##### Extracted information
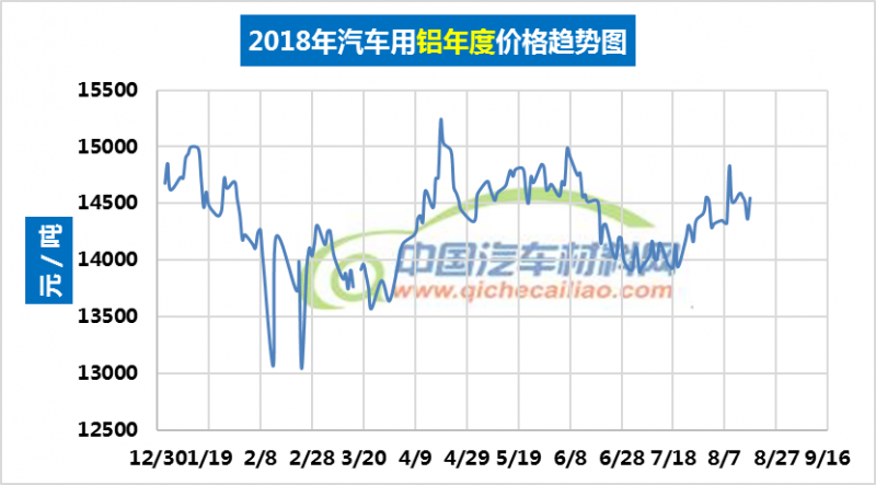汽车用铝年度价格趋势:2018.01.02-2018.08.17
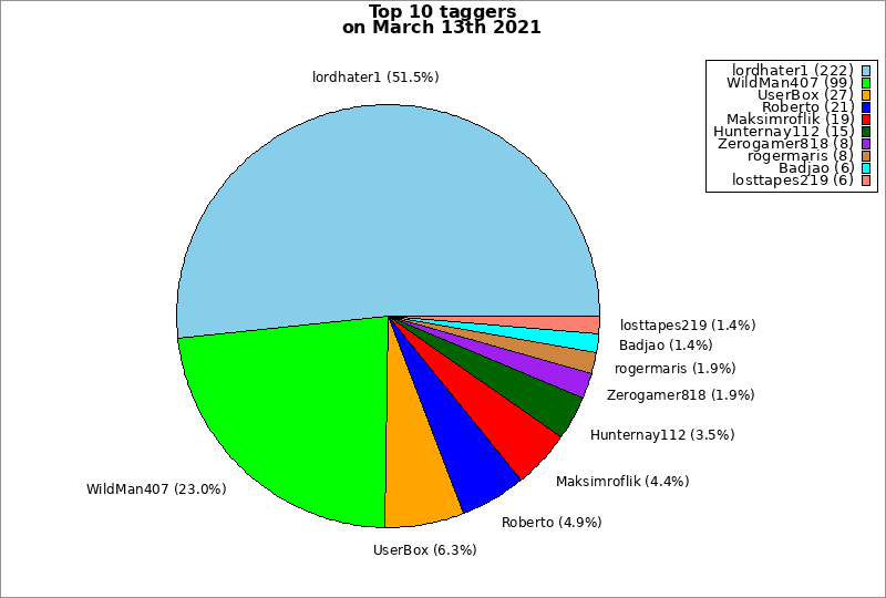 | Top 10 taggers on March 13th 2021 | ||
##########
##### Extracted information
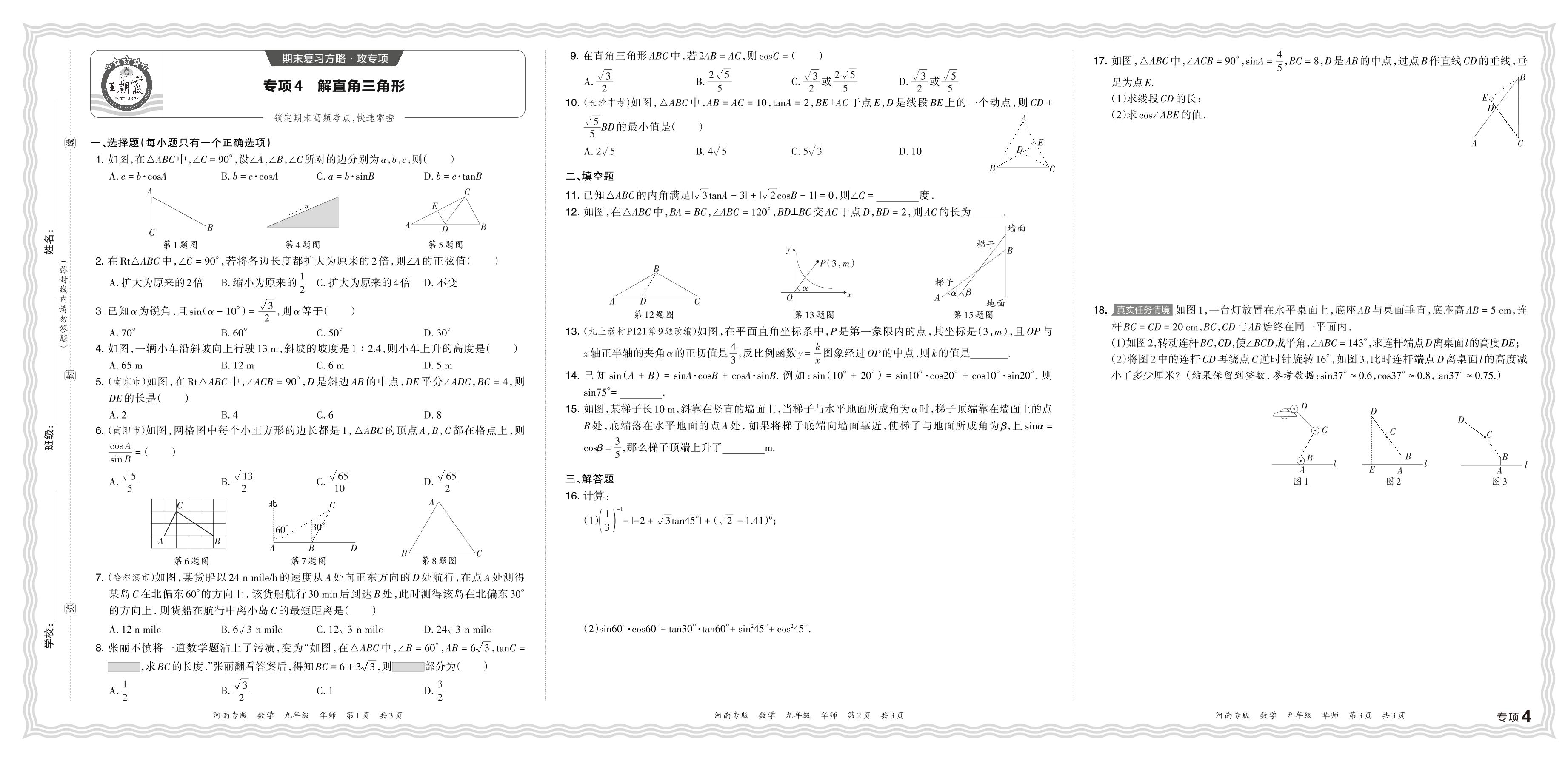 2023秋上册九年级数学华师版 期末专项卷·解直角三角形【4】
##########
##### Extracted information
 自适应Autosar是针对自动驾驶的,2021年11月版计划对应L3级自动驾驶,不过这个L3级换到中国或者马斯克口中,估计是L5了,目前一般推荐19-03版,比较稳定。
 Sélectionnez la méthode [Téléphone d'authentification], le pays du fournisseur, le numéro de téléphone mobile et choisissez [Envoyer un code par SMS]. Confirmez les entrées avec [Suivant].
##########
> _How to complete this task_
Beginning with the line holding "自适应Autosar是针对自" and ending with the line holding "Sélectionnez la méthode", write out the stretch of material above exactly; add no further lines.

> _Task solution_
 自适应Autosar是针对自动驾驶的,2021年11月版计划对应L3级自动驾驶,不过这个L3级换到中国或者马斯克口中,估计是L5了,目前一般推荐19-03版,比较稳定。
 Sélectionnez la méthode [Téléphone d'authentification], le pays du fournisseur, le numéro de téléphone mobile et choisissez [Envoyer un code par SMS]. Confirmez les entrées avec [Suivant].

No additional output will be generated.